• [WORK INSTRUCTIONS]:
Among the entries that follow, locate the line with "Tusks and twinkle" and the line with "Step4Form burger patties". Output those lines and all lines in between, exactly, minus the pictures.

• [THE INPUT]:

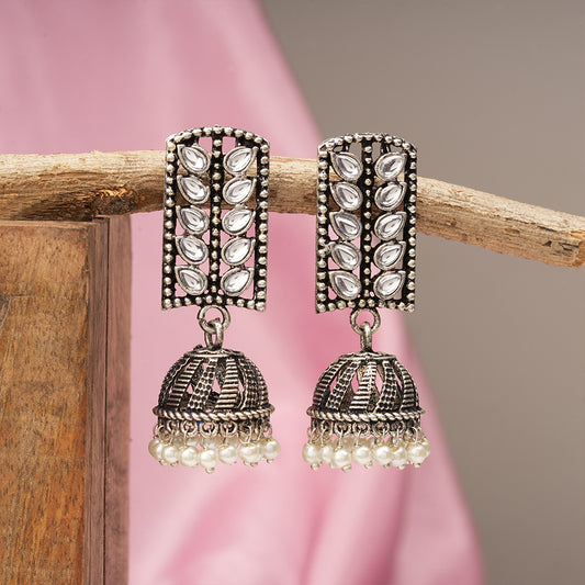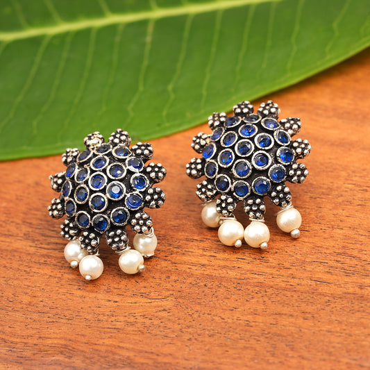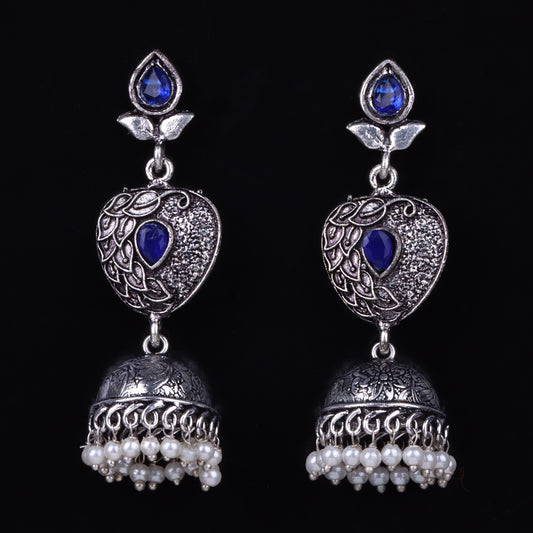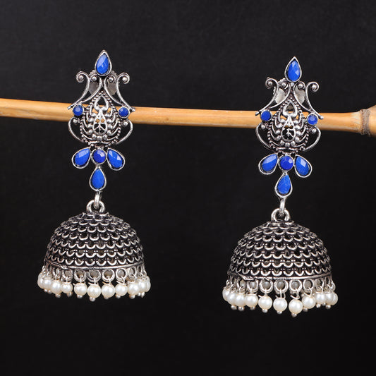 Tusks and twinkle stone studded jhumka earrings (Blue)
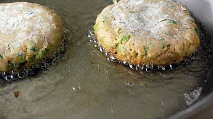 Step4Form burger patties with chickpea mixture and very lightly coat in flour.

--

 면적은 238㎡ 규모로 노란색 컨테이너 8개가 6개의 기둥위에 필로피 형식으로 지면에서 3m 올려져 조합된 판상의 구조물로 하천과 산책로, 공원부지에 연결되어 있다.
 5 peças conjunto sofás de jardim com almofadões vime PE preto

---

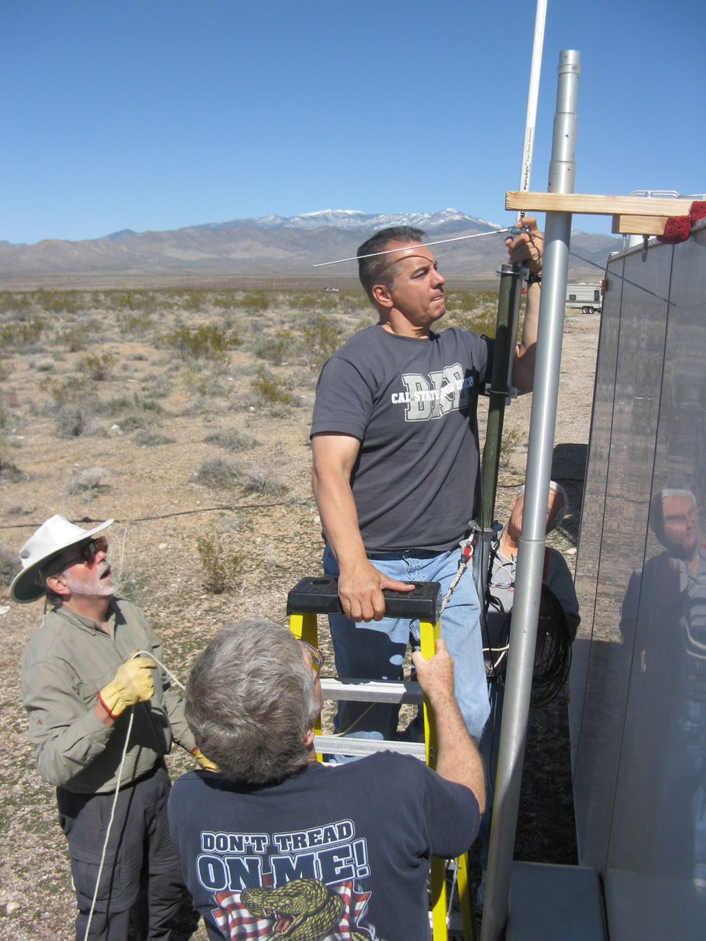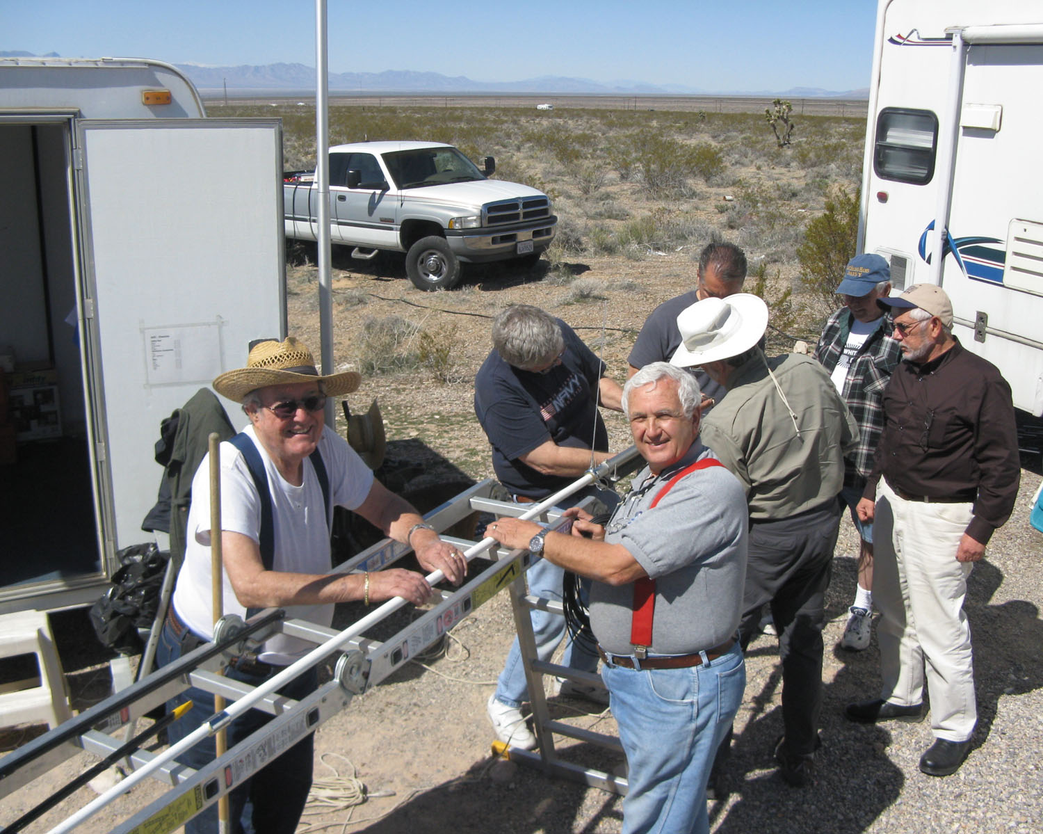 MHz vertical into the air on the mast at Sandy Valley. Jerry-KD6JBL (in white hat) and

• [WRITTEN REPLY]:
 Tusks and twinkle stone studded jhumka earrings (Blue)
 Step4Form burger patties with chickpea mixture and very lightly coat in flour.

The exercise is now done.